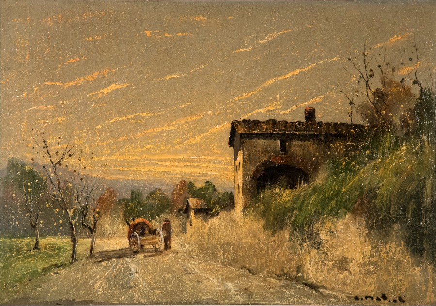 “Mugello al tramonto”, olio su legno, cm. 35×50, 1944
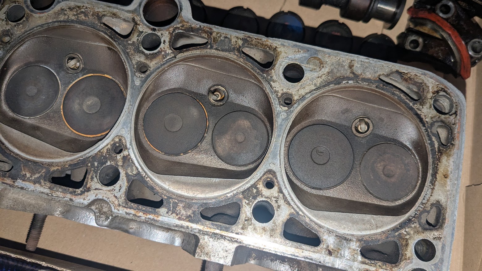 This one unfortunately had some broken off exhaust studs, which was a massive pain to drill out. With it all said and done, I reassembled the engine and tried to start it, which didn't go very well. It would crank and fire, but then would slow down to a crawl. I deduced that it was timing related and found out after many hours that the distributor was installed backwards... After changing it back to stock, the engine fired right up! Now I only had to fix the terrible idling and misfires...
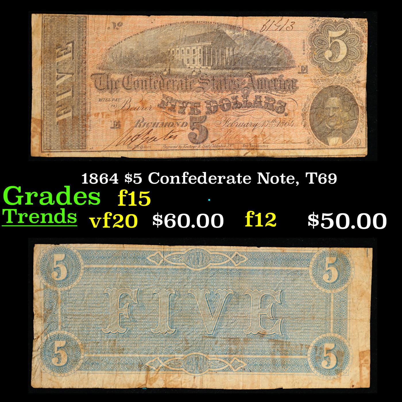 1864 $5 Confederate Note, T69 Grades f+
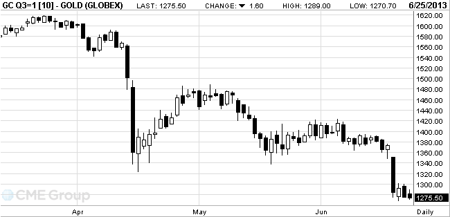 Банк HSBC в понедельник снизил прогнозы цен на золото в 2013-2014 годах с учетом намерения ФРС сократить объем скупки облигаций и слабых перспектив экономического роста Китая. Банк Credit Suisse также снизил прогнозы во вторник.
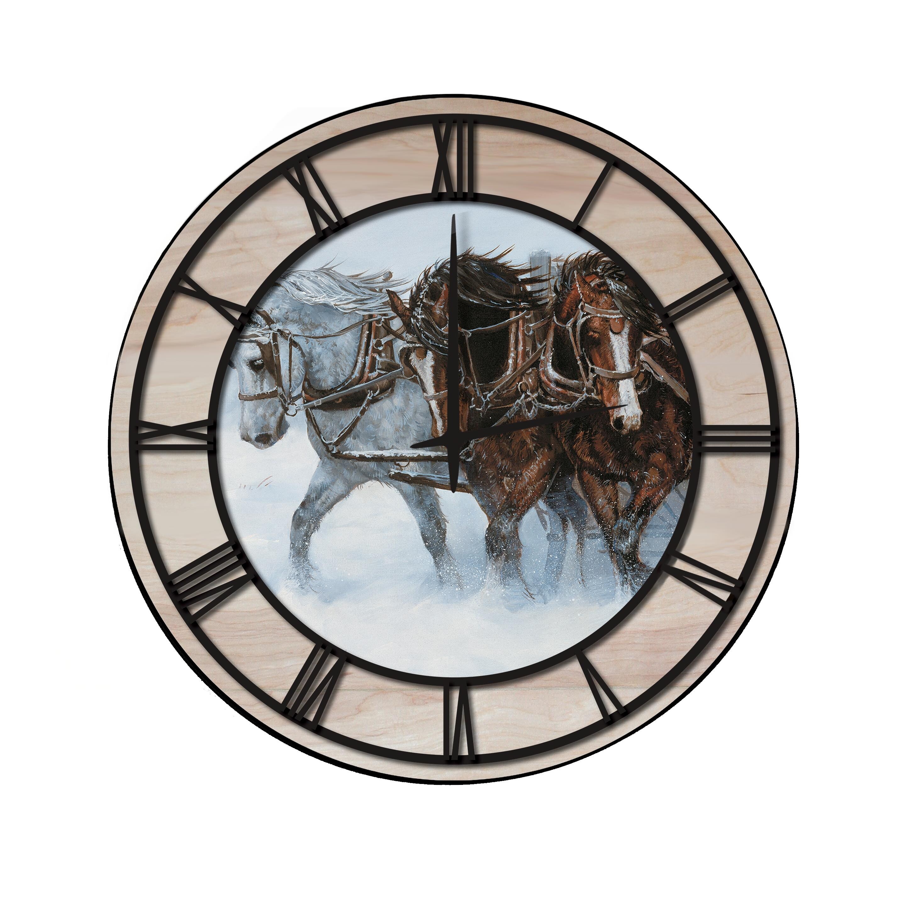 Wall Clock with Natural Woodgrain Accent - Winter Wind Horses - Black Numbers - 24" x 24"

What to produce - Write out, exactly as they stand, the line with "This one unfortunately" and every line after it through the end of the entries above; omit the pictures.

Task solution -
 This one unfortunately had some broken off exhaust studs, which was a massive pain to drill out. With it all said and done, I reassembled the engine and tried to start it, which didn't go very well. It would crank and fire, but then would slow down to a crawl. I deduced that it was timing related and found out after many hours that the distributor was installed backwards... After changing it back to stock, the engine fired right up! Now I only had to fix the terrible idling and misfires...
 1864 $5 Confederate Note, T69 Grades f+
 Банк HSBC в понедельник снизил прогнозы цен на золото в 2013-2014 годах с учетом намерения ФРС сократить объем скупки облигаций и слабых перспектив экономического роста Китая. Банк Credit Suisse также снизил прогнозы во вторник.
 Wall Clock with Natural Woodgrain Accent - Winter Wind Horses - Black Numbers - 24" x 24"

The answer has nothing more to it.